Он попытался забрать книгу, но Аллан вцепился в нее.
…Пыль спала на тусклых завитках бронзы и серебра, на залитых киноварью ромбах, на темных, как вино, рубинах, прокаженных каменьях…
Аллан положил книгу.
– Совсем неплохо.
У него возникло какое–то странное ощущение, и он еще раз внимательно прочел отрывок.
Ступеньки лестницы заскрипели, и в комнату вошел Шугерман.
– Что, недурно? – Увидев книгу, он кивнул. – Джеймс Джойс. Отличный писатель. «Улисс» нынче приносит нам немало денег. Гораздо больше, чем Джойс получил за всю жизнь. – Он опустил свою поклажу на пол. – Там, наверху, остались вещи, которые я выгрузил с корабля. Напомни, чтобы я не забыл. Мы можем перенести их вниз попозже.
И этот крупный человек с круглым лицом, заросшим синеватой щетиной, принялся стаскивать с себя шерстяное пальто.
Разглядывая «Улисса», Аллан спросил:
– Почему эта книга оказалась вместе с прочими?
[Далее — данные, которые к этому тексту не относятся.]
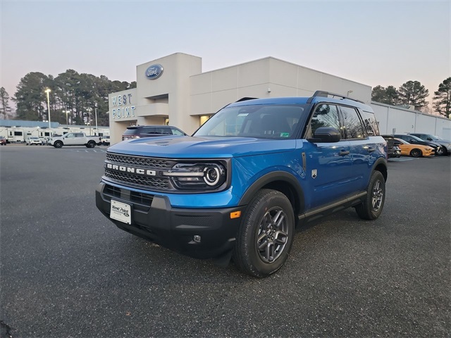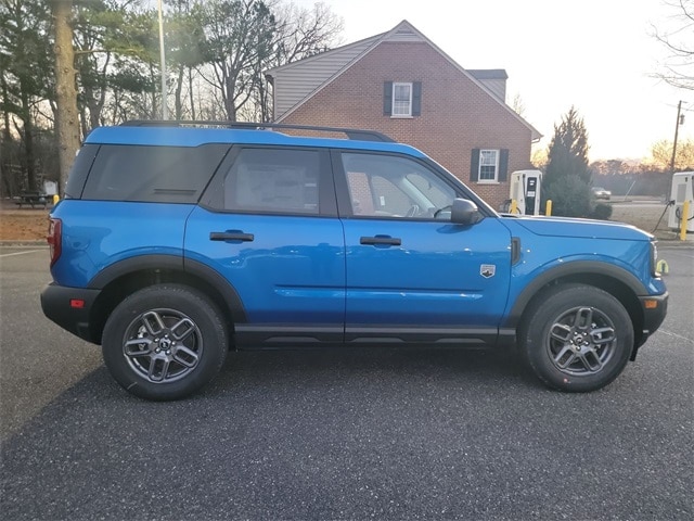 Velocity Blue Metallic 2025 Ford Bronco Sport Big Bend 4WD 8-Speed Automatic 1.5L EcoBoost 4-Wheel Disc Brakes, 6 Speakers, ABS brakes, Air Conditioning, Alloy wheels, AM/FM radio: SiriusXM, AM/FM Stereo, Auto High-beam Headlights, Automatic temperature control, Brake assist, Cargo Management System (Shelf/Divider/Table), Cloth w/Easy-to-Clean Front Bucket Seats, Compass, Convenience Package, Delay-off headlights, Driver door bin, Driver vanity mirror, Dual front impact airbags, Dual front side impact airbags, Electronic Stability Control, Emergency communication system: SYNC 4 911 Assist, Four wheel independent suspension, Front anti-roll bar, Front Bucket Seats, Front Center Armrest, Front Driver/Passenger Seat Back Map Pockets, Front License Plate Bracket, Front reading lights, Fully automatic headlights, Heated 8-Way Power Driver's Seat, Heated door mirrors, Illuminated entry, Knee airbag, LED Fog Lamps, Low tire pressure warning, Occupant sensing airbag, Outside temperature display, Overhead airbag, Overhead console, Panic alarm, Passenger door bin, Passenger vanity mirror, Power door mirrors, Power steering, Power windows, Premium Wrapped Steering Wheel, Radio data system, Rear anti-roll bar, Rear Parking Sensors, Rear reading lights, Rear seat center armrest, Rear window defroster, Rear window wiper, Remote keyless entry, Security system, SiriusXM, Speed control, Speed-sensing steering, Speed-Sensitive Wipers, Split folding rear seat, Steering wheel mounted audio controls, SYNC 4 w/Enhanced Voice Recognition, Tachometer, Telescoping steering wheel, Tilt steering wheel, Traction control, Trip computer, Universal Garage Door Opener (UGDO), Variably intermittent wipers, Wheels: 17" Carbonized Gray-Painted Aluminum.

Она совсем другая.
– Слова в ней такие же, – сказал Шугерман. Он вставил сигарету в мундштук, искусно вырезанный из слоновой кости, и закурил. – Как идут дела, мистер Перселл? Как агентство?
– Прекрасно, – сказал он. Книга все не шла у него из головы. – Но ведь…
– Тем не менее книга порнографическая, – сказал Шугерман. – Джойс, Хемингуэй. Дегенеративный хлам. Первый Комитет по книгам, учрежденный майором, занес «Улисса» в черный список еще в тысяча девятьсот восемьдесят восьмом году. Вот. – Он подобрал пачку книг и стал бросать их Аллану на колени – одну, вторую. – Таких еще много. Романы двадцатого века. Теперь они все исчезли. Их запретили. Сожгли. Уничтожили.
– А для чего написаны эти книги? Почему их смешали с мусором? Раньше ведь так не делали, верно?
Последнее замечание позабавило Шугермана, а Гейтс загоготал и шлепнул себя рукой по колену.
– Какому МОРСу они учат? – спросил Аллан.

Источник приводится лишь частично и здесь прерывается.